Once the potatoes are done, the kale is added. Make sure that you trim the kale before adding to your soup. Strip the leaves off the middle rib before roughly chopping. The rib is fibrous and you don’t want to add that to your soup.
The last ingredient to go in is the cream. After stirring it in, allow the soup to reach simmering point to make sure that the cream reaches the same temperature as the rest of the ingredients. Do not, however, cover and allow the soup to boil to prevent the cream from curdling.
Zuppa Toscana
Ingredients
- 120 grams belly bacon
- 1 Italian sausage
- 1 onion - peeled and chopped
- 3 cloves garlic - peeled and minced
- 1 large potato
- 4 cups vegetable broth
- salt - optional
- pepper - optional
- 6 ro 8 stalks curly kale
- ½ cup whipping cream - whipping, not whipped
Instructions
- Cut the bacon into half-inch wide strips.
- Peel off the sausage skin and discard.
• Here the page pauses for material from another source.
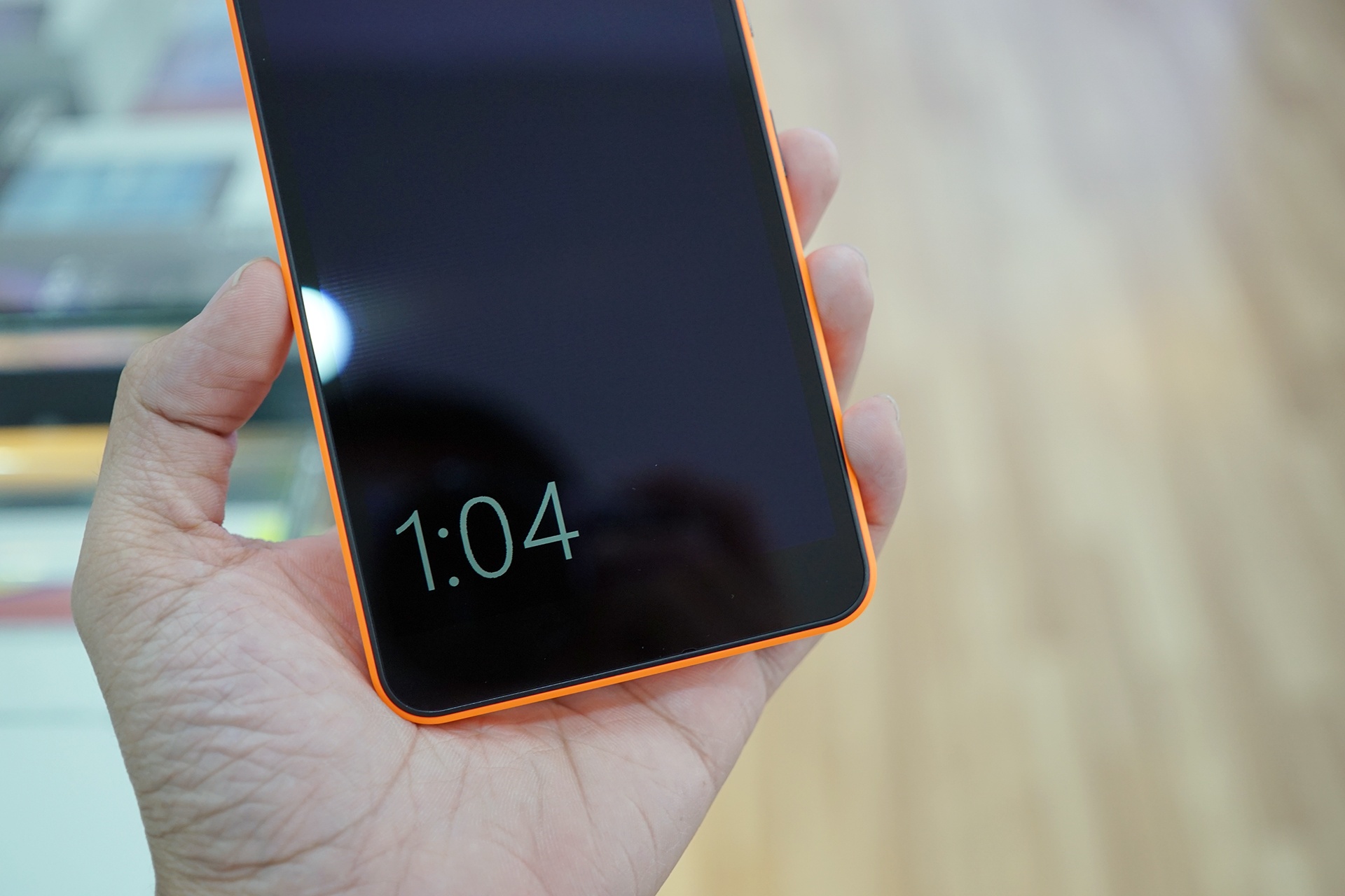| Điều đáng ngạc nhiên là Microsoft mang đến Lumia 640 XL màn hình có bộ nhớ hiển thị glance, giúp máy có thể hiển thị giờ ngay khi đang tắt màn hình. Trang bị này trước đây chỉ xuất hiện trên những model cao cấp. |

Cut the sausage meat into rings.
- Spread the bacon on the bottom of a pan and turn the heat to medium-low. Cook, stirring a few times, until fat has been rendered.
- Add the sausage rings and continue cooking until fat from the sausage has been rendered as well.
- Add the chopped onion and minced garlic. Stir. Cover the pan, turn down the heat to low and cook until the onion bits start to soften.
- Rinse and scrub the potato, cut into quarters then slice thinly.
- Add the potato slices to the pan and stir until every piece is coated with oil.
- Pour in the broth. If your broth is unseasoned or underseasoned, add a bit of salt and pepper. Bring to the boil, cover and simmer until the potatoes are soft.
- Strip the kale leaves from the stalks, discard the stalks and roughly chop the leaves.
- Stir the kale leaves into the soup and cook for a few minutes or just until withered.
- Stir in the cream.
- Allow to reach simmering point before turning off the heat.
- Taste your zuppa Toscana one last time, and adjust the seasonings, if needed, before serving.